Department of Computer Science, College of Computing and Information Technology, Arab Academy of Science, Technology & Maritime Transport, Alexandria, Egypt.
Mechatronics Engineering Department, Faculty of Engineering, Horus University Egypt, New Damietta, Egypt.
PLoS One. 2024 Apr 3;19(4):e0300641. doi: 10.1371/journal.pone.0300641. eCollection 2024.
Numerous classification and regression problems have extensively used Support Vector Machines (SVMs). However, the SVM approach is less practical for large datasets because of its processing cost. This is primarily due to the requirement of optimizing a quadratic programming problem to determine the decision boundary during training. As a result, methods for selecting data instances that have a better likelihood of being chosen as support vectors by the SVM algorithm have been developed to help minimize the bulk of training data. This paper presents a density-based method, called Density-based Border Identification (DBI), in addition to four different variations of the method, for the lessening of the SVM training data through the extraction of a layer of border instances. For higher-dimensional datasets, the extraction is performed on lower-dimensional embeddings obtained by Uniform Manifold Approximation and Projection (UMAP), and the resulting subset can be repetitively used for SVM training in higher dimensions. Experimental findings on different datasets, such as Banana, USPS, and Adult9a, have shown that the best-performing variations of the proposed method effectively reduced the size of the training data and achieved acceptable training and prediction speedups while maintaining an adequate classification accuracy compared to training on the original dataset. These results, as well as comparisons to a selection of related state-of-the-art methods from the literature, such as Border Point extraction based on Locality-Sensitive Hashing (BPLSH), Clustering-Based Convex Hull (CBCH), and Shell Extraction (SE), suggest that our proposed methods are effective and potentially useful.

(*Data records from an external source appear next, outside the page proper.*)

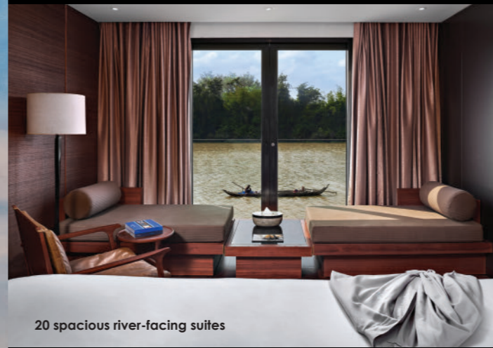
20 spacious river-facing suites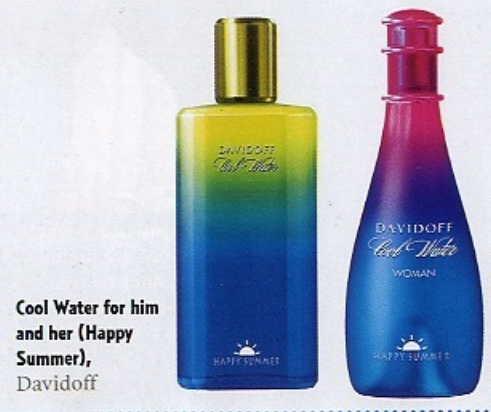
Cool Water for him and her (Happy Summer), Davidoff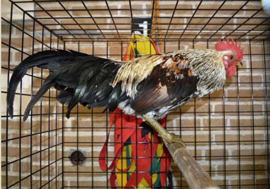
Left: The laughing Indonesian Ayam Ketawa.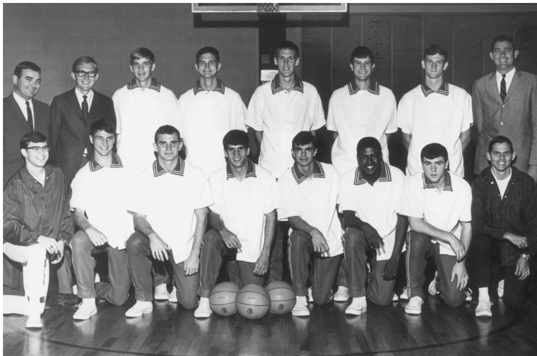
Pictured here are the original Jaguars – the first basketball team at the University of South Alabama. On May 22, 1966, the USA Board of Trustees unanimously approved the hire of a “first class” basketball coach and 20 scholarships to be awarded over a two-year period.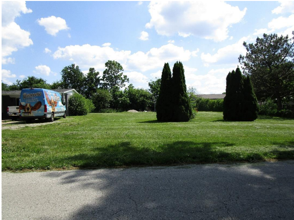
View of proposed Lot 1 looking south across East Sumner Avenue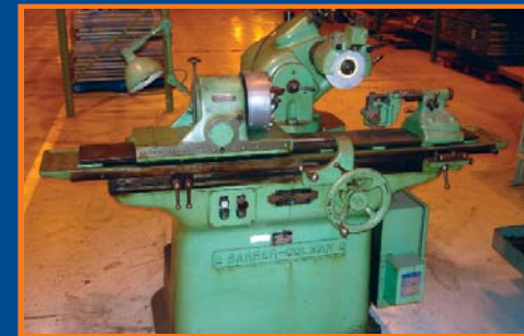
BARBER-COLEMAN HOB SHARPENER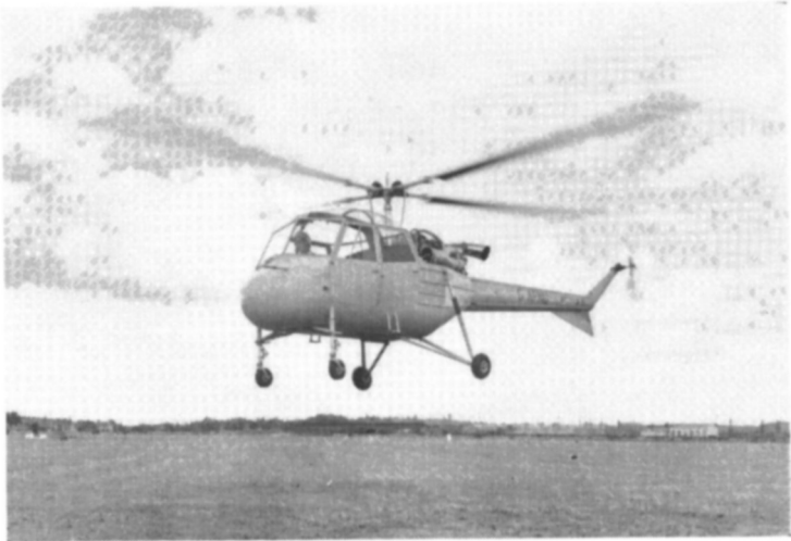
Photograph of P531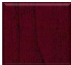
Mahogany 1802/02 DS706

*Color swatches are shown for example only. Due to color variation in the finishing process, the swatches are not intended as exact matches. *Custom finishes available upon request, limitations may apply.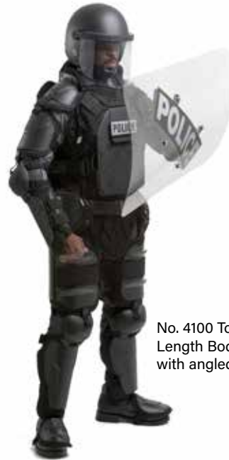
No. 4100 Torso Length Body Shield with angled handle

许多分类和回归问题都广泛使用了支持向量机(SVM)。然而,由于其处理成本,SVM 方法对于大型数据集来说不太实用。这主要是因为在训练过程中需要优化二次规划问题来确定决策边界。因此,已经开发了选择数据实例的方法,这些实例更有可能被 SVM 算法选为支持向量,以帮助最小化训练数据的大部分。本文提出了一种基于密度的方法,称为基于密度的边界识别(DBI),以及该方法的四种不同变体,用于通过提取边界实例层来减少 SVM 训练数据。对于高维数据集,提取是在通过均匀流形逼近和投影(UMAP)获得的低维嵌入上进行的,并且可以在更高维度上重复使用提取的子集进行 SVM 训练。在不同数据集(如 Banana、USPS 和 Adult9a)上的实验结果表明,所提出方法的性能最佳变体有效地减小了训练数据的大小,并实现了可接受的训练和预测加速,同时与在原始数据集上进行训练相比保持了足够的分类准确性。这些结果以及与文献中选择的一些相关最先进方法的比较,例如基于局部敏感哈希的边界点提取(BPLSH)、基于聚类的凸壳(CBCH)和外壳提取(SE),表明我们提出的方法是有效且可能有用的。